*** Opening SOURCE DATA ***

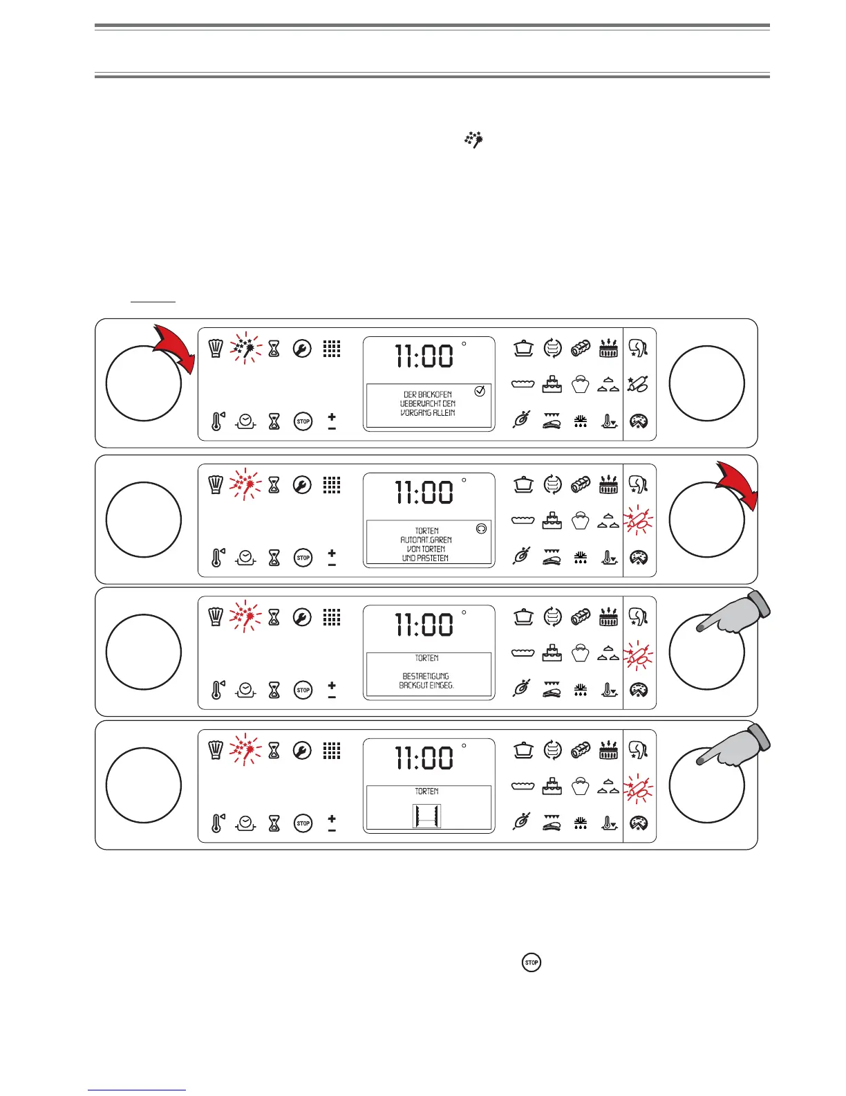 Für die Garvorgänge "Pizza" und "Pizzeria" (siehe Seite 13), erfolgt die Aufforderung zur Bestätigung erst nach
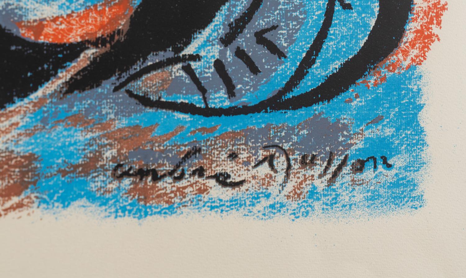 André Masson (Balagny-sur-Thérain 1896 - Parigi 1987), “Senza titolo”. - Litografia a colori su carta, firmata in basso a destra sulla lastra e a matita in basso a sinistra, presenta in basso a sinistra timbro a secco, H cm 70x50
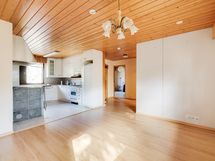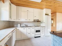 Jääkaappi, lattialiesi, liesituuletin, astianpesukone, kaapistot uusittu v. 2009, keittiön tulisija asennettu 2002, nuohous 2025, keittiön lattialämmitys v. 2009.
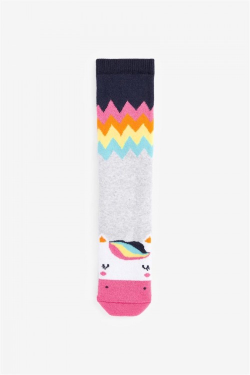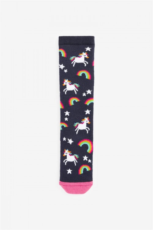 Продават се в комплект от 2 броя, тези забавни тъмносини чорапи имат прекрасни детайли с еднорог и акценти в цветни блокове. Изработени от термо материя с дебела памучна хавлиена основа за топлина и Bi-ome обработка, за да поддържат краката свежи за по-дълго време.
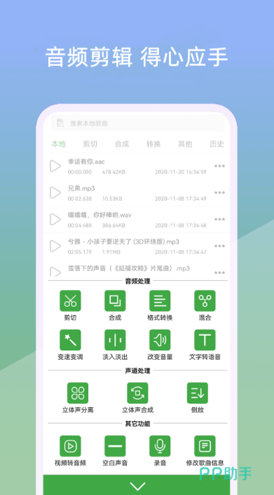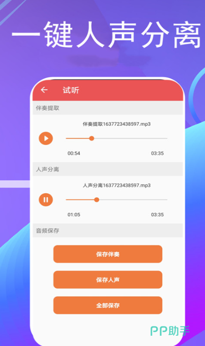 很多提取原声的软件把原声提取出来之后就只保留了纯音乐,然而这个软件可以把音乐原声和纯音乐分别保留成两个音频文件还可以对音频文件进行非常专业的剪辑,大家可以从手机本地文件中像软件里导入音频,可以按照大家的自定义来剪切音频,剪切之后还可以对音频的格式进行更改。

*** Closing SOURCE DATA ***
*** Opening SOURCE DATA ***

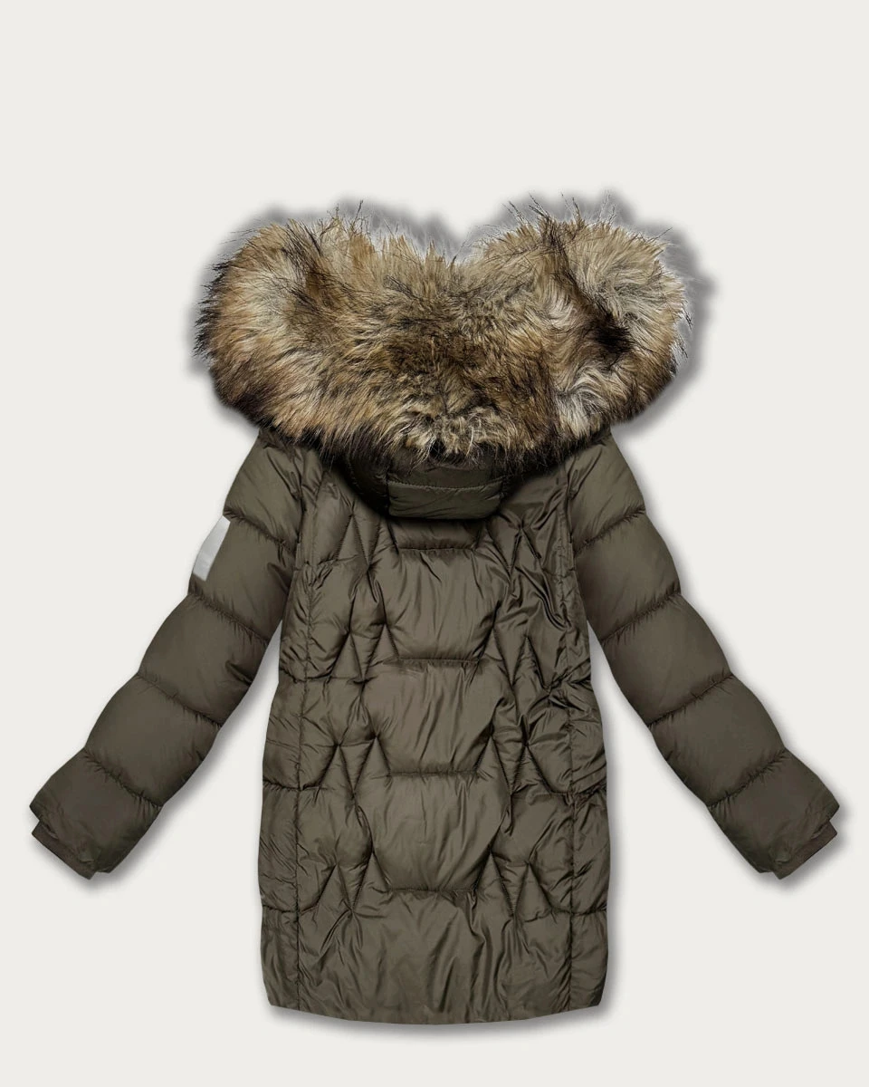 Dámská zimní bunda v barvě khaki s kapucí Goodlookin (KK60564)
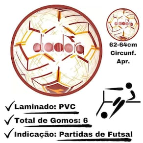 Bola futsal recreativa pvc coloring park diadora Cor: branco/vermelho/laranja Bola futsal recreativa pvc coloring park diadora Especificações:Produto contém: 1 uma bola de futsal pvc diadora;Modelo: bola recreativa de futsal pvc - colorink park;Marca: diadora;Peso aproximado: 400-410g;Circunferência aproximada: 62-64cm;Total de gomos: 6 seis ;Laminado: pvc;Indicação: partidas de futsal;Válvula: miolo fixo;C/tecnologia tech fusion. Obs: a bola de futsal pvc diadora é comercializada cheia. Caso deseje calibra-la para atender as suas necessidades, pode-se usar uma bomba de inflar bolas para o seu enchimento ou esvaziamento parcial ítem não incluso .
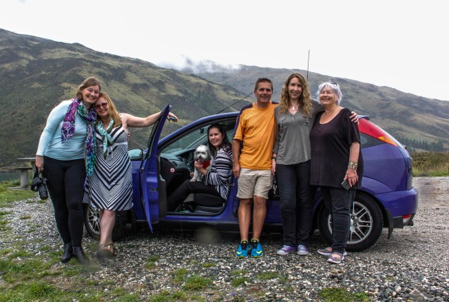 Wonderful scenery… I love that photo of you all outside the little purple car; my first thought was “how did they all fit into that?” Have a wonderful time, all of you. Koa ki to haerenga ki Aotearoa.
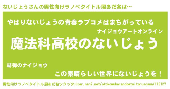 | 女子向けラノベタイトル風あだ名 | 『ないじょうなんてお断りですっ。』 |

*** Closing SOURCE DATA ***
*** Opening SOURCE DATA ***

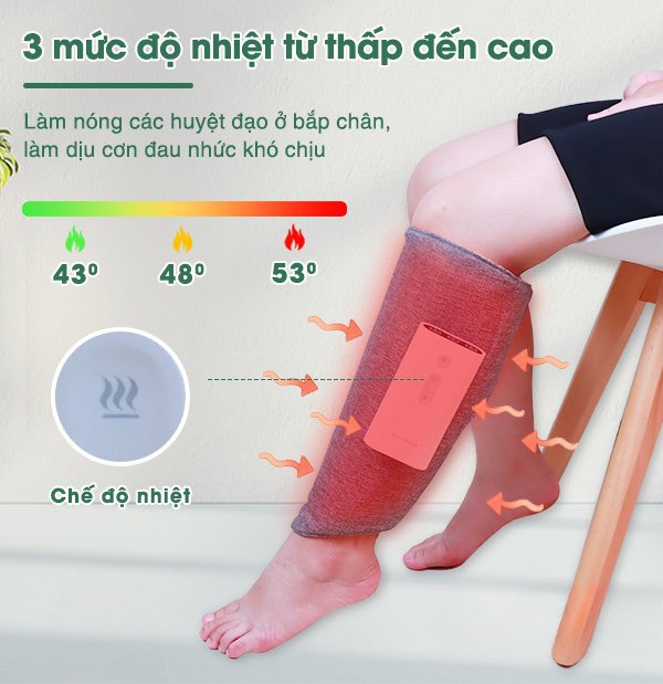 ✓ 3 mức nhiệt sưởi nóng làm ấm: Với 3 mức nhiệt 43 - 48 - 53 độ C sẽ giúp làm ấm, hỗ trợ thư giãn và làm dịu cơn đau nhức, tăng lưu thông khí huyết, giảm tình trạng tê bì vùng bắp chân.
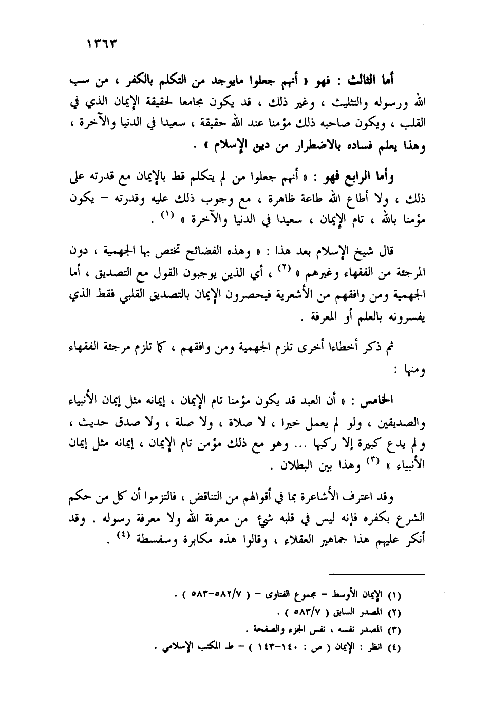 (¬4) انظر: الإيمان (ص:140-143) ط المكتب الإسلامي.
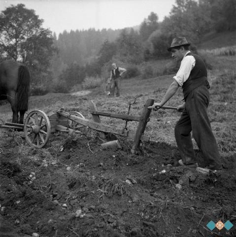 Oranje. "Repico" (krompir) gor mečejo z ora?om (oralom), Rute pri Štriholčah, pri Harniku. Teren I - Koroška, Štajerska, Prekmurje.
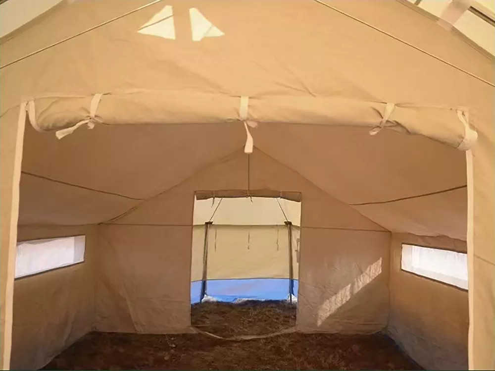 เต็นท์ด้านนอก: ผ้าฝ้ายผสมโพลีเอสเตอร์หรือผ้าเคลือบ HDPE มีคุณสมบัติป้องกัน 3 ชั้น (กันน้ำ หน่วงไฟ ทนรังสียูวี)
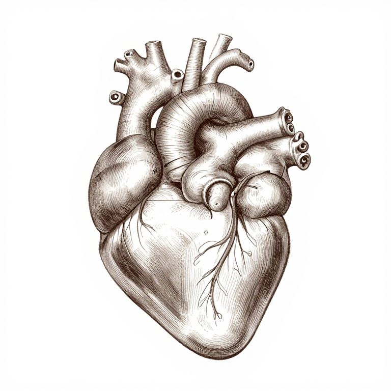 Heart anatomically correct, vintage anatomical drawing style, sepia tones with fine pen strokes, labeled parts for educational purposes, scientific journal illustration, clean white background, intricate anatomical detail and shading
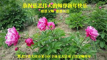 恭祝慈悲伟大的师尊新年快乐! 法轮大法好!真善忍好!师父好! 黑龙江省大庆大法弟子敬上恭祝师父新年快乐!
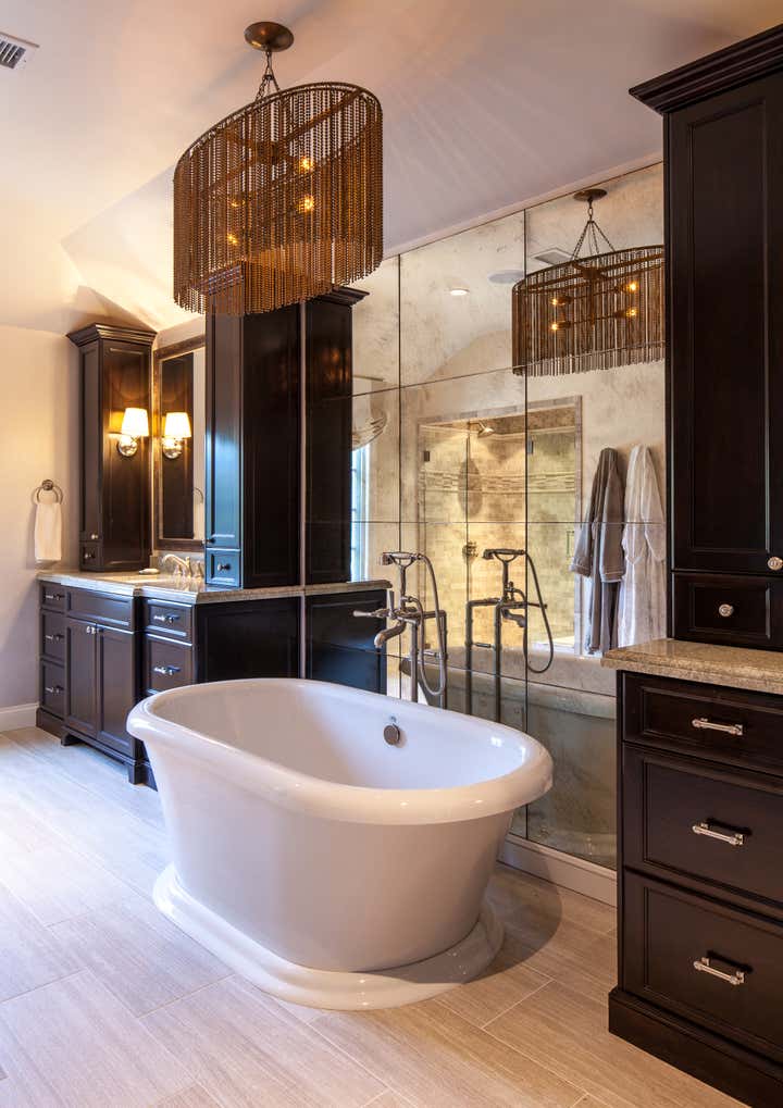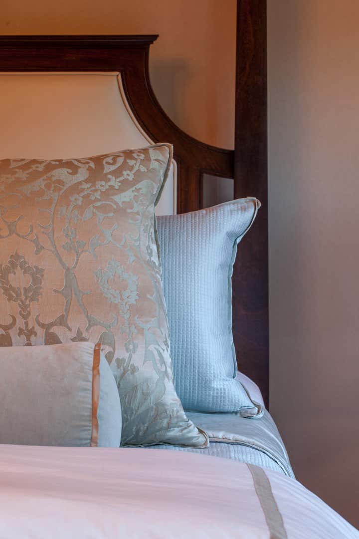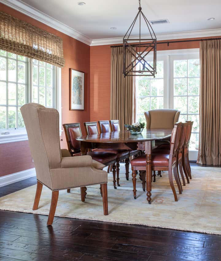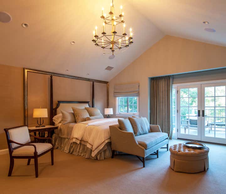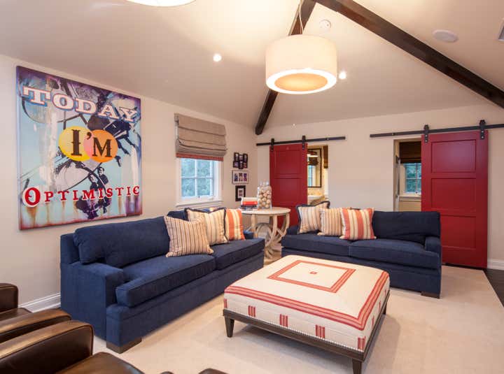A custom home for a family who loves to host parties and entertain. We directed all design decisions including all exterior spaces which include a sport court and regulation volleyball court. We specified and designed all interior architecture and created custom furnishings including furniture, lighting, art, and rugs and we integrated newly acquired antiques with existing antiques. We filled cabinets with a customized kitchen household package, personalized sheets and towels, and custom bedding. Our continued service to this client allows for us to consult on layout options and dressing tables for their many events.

*** Closing SOURCE DATA ***

YOUR GOAL: Everything from the line with "Für die Garvorgänge" through the line with "André Masson (Balagny-sur-Thérain" in the material above should be transcribed exactly, except the pictures.

EXERCISE RESULT:
 Für die Garvorgänge "Pizza" und "Pizzeria" (siehe Seite 13), erfolgt die Aufforderung zur Bestätigung erst nach
 André Masson (Balagny-sur-Thérain 1896 - Parigi 1987), “Senza titolo”. - Litografia a colori su carta, firmata in basso a destra sulla lastra e a matita in basso a sinistra, presenta in basso a sinistra timbro a secco, H cm 70x50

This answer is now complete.